= Given information =
_ _ _ _ _ _ _
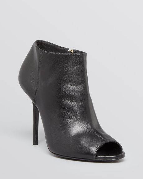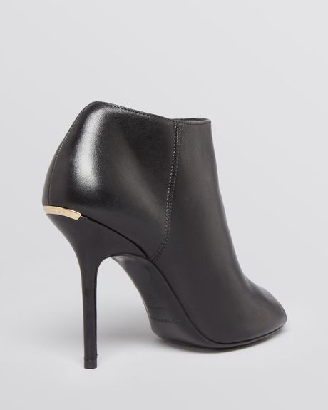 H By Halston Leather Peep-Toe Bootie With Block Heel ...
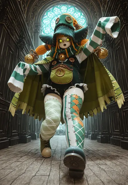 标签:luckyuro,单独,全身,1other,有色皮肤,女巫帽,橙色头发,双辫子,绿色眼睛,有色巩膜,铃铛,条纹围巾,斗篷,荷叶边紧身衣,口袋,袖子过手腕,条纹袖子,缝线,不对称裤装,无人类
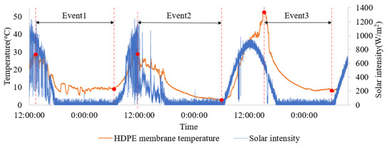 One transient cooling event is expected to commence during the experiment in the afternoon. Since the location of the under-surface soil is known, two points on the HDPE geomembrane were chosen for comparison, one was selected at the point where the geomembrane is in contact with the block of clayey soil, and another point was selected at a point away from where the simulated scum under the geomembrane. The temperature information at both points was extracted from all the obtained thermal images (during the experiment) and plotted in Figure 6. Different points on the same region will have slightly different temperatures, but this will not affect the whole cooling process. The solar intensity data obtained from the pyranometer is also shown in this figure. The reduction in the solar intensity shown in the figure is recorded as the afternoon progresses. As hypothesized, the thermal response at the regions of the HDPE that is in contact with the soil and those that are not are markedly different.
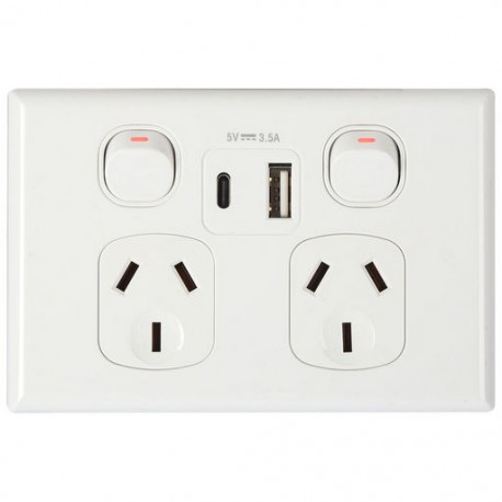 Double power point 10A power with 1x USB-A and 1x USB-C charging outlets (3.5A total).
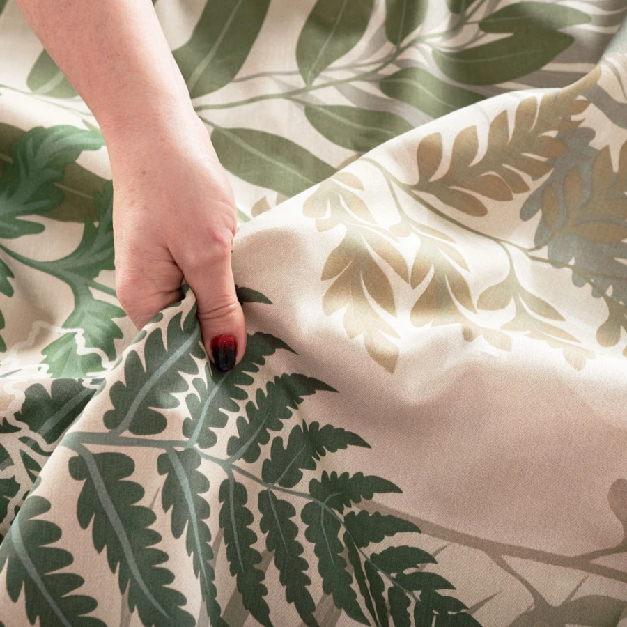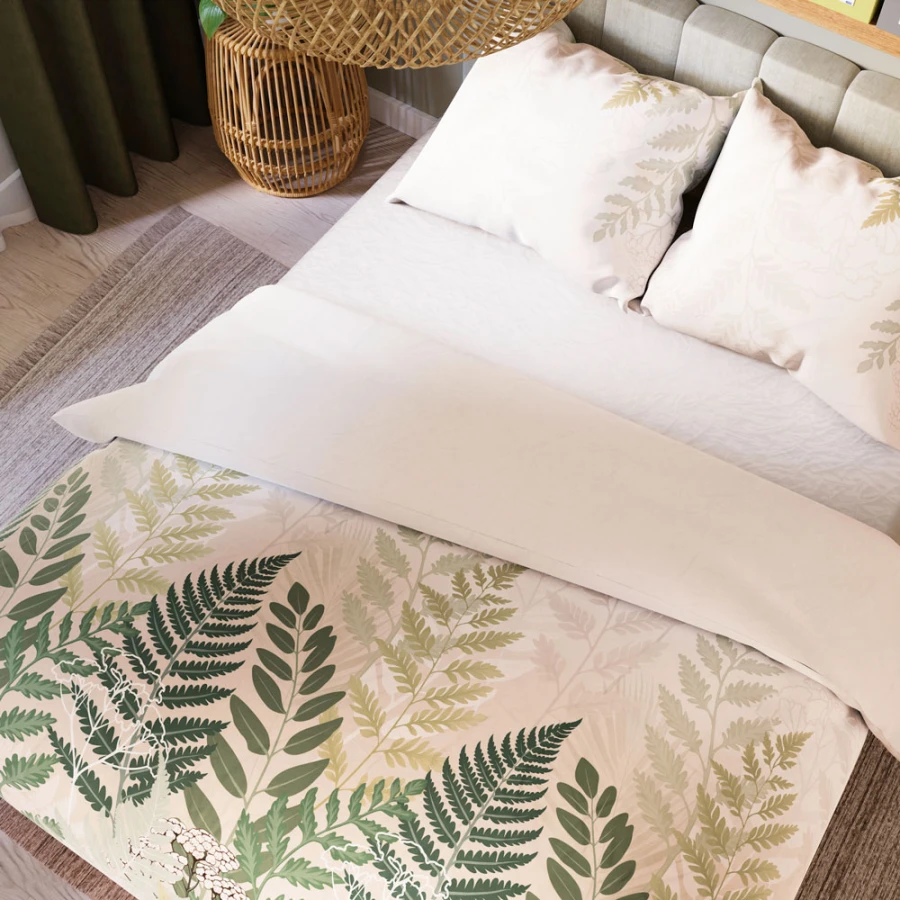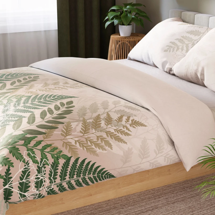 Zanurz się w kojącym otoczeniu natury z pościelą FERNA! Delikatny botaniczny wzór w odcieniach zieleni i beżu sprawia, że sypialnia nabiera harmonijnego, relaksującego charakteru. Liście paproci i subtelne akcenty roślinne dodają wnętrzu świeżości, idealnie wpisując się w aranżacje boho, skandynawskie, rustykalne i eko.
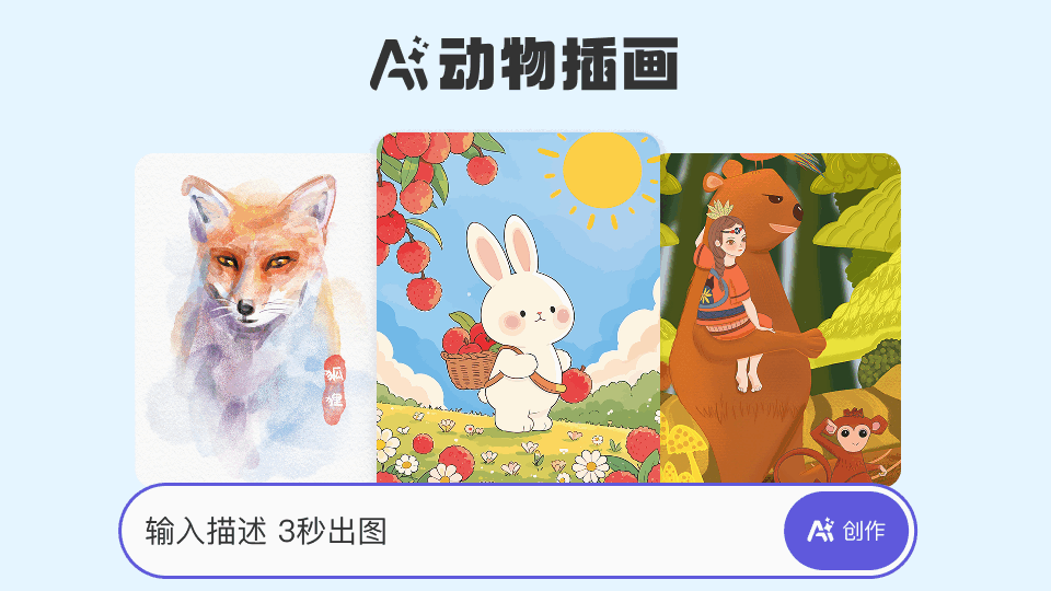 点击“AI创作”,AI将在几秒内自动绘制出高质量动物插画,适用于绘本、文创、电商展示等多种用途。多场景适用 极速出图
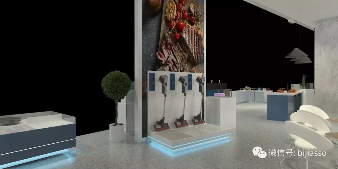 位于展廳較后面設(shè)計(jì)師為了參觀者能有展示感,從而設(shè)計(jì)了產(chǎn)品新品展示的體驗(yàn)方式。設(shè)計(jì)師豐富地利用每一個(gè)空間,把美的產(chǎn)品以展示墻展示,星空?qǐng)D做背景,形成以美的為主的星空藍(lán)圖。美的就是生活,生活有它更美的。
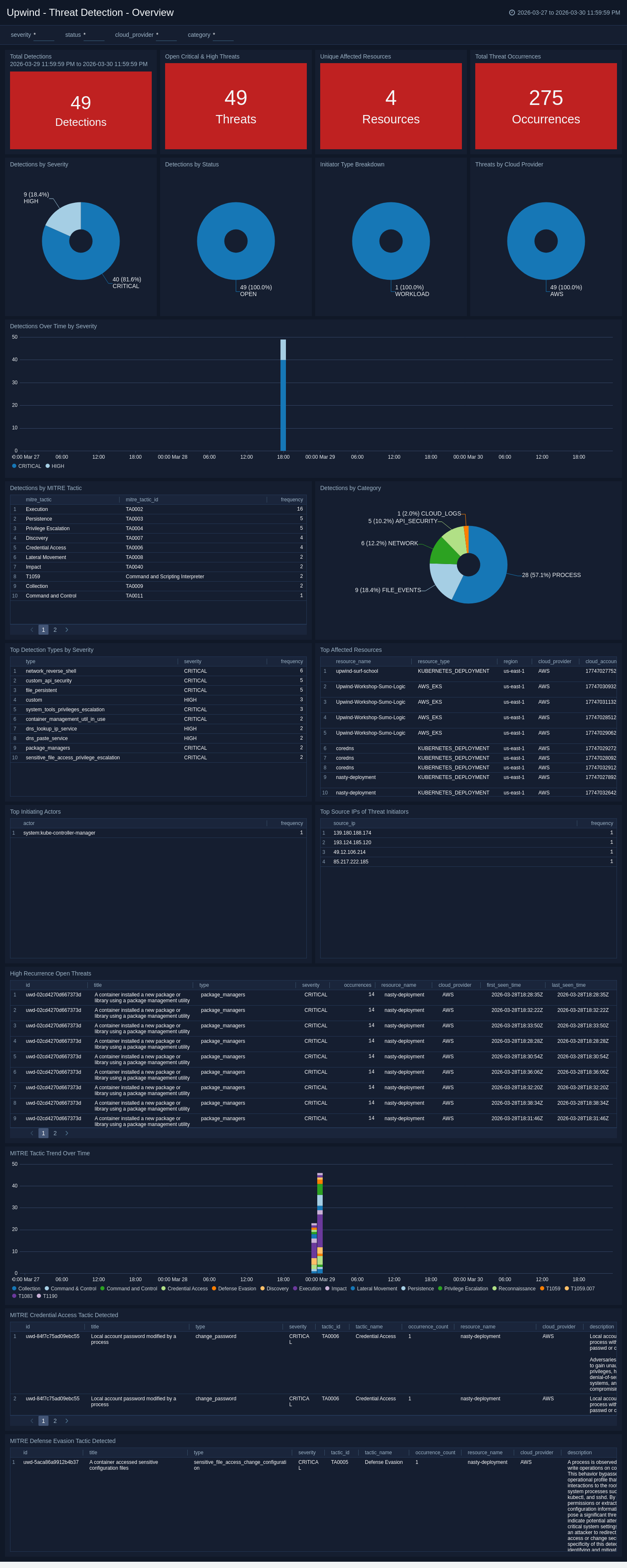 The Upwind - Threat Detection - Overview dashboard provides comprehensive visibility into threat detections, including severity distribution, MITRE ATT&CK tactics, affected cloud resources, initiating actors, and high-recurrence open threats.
_ _ _ _ _ _ _
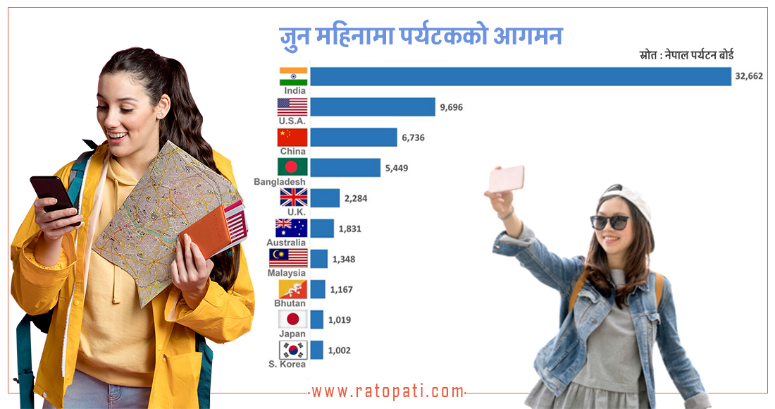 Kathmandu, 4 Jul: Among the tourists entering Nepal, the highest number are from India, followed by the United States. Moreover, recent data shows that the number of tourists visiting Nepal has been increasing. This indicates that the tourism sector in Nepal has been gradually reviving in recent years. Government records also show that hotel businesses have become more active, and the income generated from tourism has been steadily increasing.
_ _ _ _ _ _ _
= Task item =
Copy out exactly the lines above beginning with the line that contains "H By Halston" and finishing with the line that contains "标签:luckyuro,单独", including both; leave the pictures out.

= Problem solution =
 H By Halston Leather Peep-Toe Bootie With Block Heel ...
 标签:luckyuro,单独,全身,1other,有色皮肤,女巫帽,橙色头发,双辫子,绿色眼睛,有色巩膜,铃铛,条纹围巾,斗篷,荷叶边紧身衣,口袋,袖子过手腕,条纹袖子,缝线,不对称裤装,无人类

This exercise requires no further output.